On 5/2/25 4:36 AM, Christian König wrote:
> On 4/30/25 23:39, Alex Deucher wrote:
>> + Christian
>>
>> On Tue, Apr 29, 2025 at 7:25 AM John Olender <john.olender at gmail.com> wrote:
>>>
>>> If the vcpu bos are allocated outside the uvd segment,
>>> amdgpu_uvd_ring_test_ib() times out waiting on the ring's fence.
> 
> That's incorrect, but pointing to the correct solution.
> 
>>>
>>> See amdgpu_fence_driver_start_ring() for more context.
>>>
>>> Closes: https://gitlab.freedesktop.org/drm/amd/-/issues/3851
>>> Signed-off-by: John Olender <john.olender at gmail.com>
>>> ---
>>>  drivers/gpu/drm/amd/amdgpu/amdgpu_uvd.c | 36 ++++++++++++++-----------
>>>  1 file changed, 21 insertions(+), 15 deletions(-)
>>>
>>> diff --git a/drivers/gpu/drm/amd/amdgpu/amdgpu_uvd.c b/drivers/gpu/drm/amd/amdgpu/amdgpu_uvd.c
>>> index 74758b5ffc6c..a6b3e75ffa2d 100644
>>> --- a/drivers/gpu/drm/amd/amdgpu/amdgpu_uvd.c
>>> +++ b/drivers/gpu/drm/amd/amdgpu/amdgpu_uvd.c
>>> @@ -139,15 +139,20 @@ static void amdgpu_uvd_force_into_uvd_segment(struct amdgpu_bo *abo);
>>>
>>>  static int amdgpu_uvd_create_msg_bo_helper(struct amdgpu_device *adev,
>>>                                            uint32_t size,
>>> -                                          struct amdgpu_bo **bo_ptr)
>>> +                                          struct amdgpu_bo **bo_ptr,
>>> +                                          bool interruptible)
>>>  {
>>> -       struct ttm_operation_ctx ctx = { true, false };
>>> +       struct ttm_operation_ctx ctx = { interruptible, false };
>>>         struct amdgpu_bo *bo = NULL;
>>> +       u32 initial_domain = AMDGPU_GEM_DOMAIN_GTT;
>>>         void *addr;
>>>         int r;
>>>
>>> +       if (!interruptible && adev->uvd.address_64_bit)
>>> +               initial_domain |= AMDGPU_GEM_DOMAIN_VRAM;
>>> +
>>>         r = amdgpu_bo_create_reserved(adev, size, PAGE_SIZE,
>>> -                                     AMDGPU_GEM_DOMAIN_GTT,
>>> +                                     initial_domain,
>>>                                       &bo, NULL, &addr);
>>>         if (r)
>>>                 return r;
>>> @@ -319,19 +324,23 @@ int amdgpu_uvd_sw_init(struct amdgpu_device *adev)
>>>         if (adev->firmware.load_type != AMDGPU_FW_LOAD_PSP)
>>>                 bo_size += AMDGPU_GPU_PAGE_ALIGN(le32_to_cpu(hdr->ucode_size_bytes) + 8);
>>>
>>> +       /* from uvd v5.0 HW addressing capacity increased to 64 bits */
>>> +       if (!amdgpu_device_ip_block_version_cmp(adev, AMD_IP_BLOCK_TYPE_UVD, 5, 0))
>>> +               adev->uvd.address_64_bit = true;
>>> +
>>>         for (j = 0; j < adev->uvd.num_uvd_inst; j++) {
>>>                 if (adev->uvd.harvest_config & (1 << j))
>>>                         continue;
>>> -               r = amdgpu_bo_create_kernel(adev, bo_size, PAGE_SIZE,
>>> -                                           AMDGPU_GEM_DOMAIN_VRAM |
>>> -                                           AMDGPU_GEM_DOMAIN_GTT,
>>
>> I think we can just make this VRAM only.  Or something like:
>> adev->uvd.address_64_bit ? AMDGPU_GEM_DOMAIN_GTT : AMDGPU_GEM_DOMAIN_VRAM
> 
> Yeah completely agree.
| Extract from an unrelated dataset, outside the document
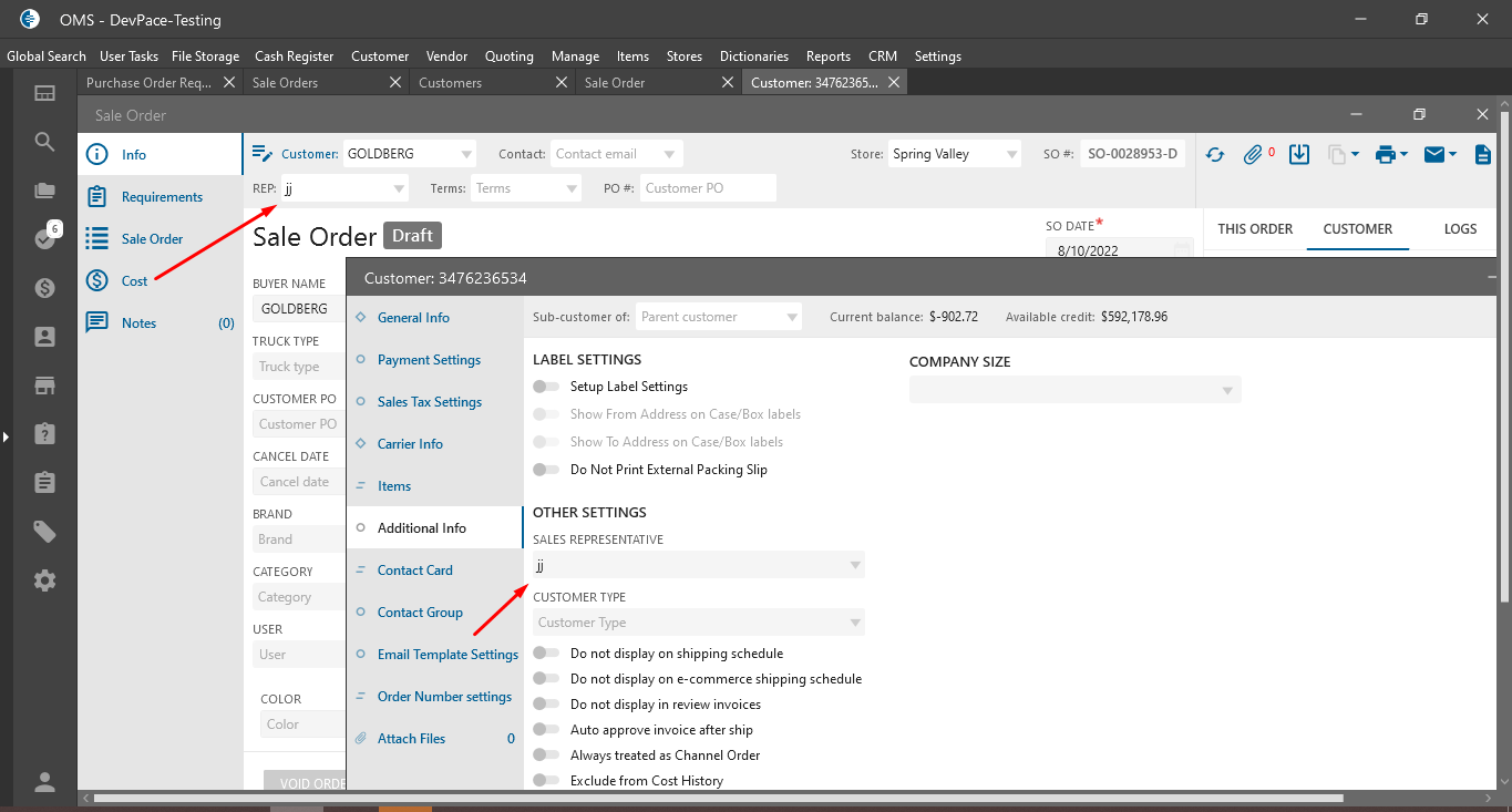 - the Sales Rep from Customer, not from the default Store is displayed.

It's a good catch, but the solution is incorrect.
> 
> On the older UVD MC interface the FW needs to be in VRAM or the validation fails. If it's inside the window for the message and fence is actually irrelevant.
> 
> So something like AMDGPU_GEM_DOMAIN_VRAM | (adev->uvd.address_64_bit ? AMDGPU_GEM_DOMAIN_GTT : 0) would be correct I think.
> 
>>
>> If that fixes it, this should be tagged with:
>> Fixes: 58ab2c08d708 ("drm/amdgpu: use VRAM|GTT for a bunch of kernel
>> allocations")
> 
> And CC stable I think.
> 
> Regards,
> Christian.
> 
>>
>> Alex
>>

Simply changing the uvd vcpu bo (and therefore the firmware) to always
be allocated in vram does *not* solve #3851.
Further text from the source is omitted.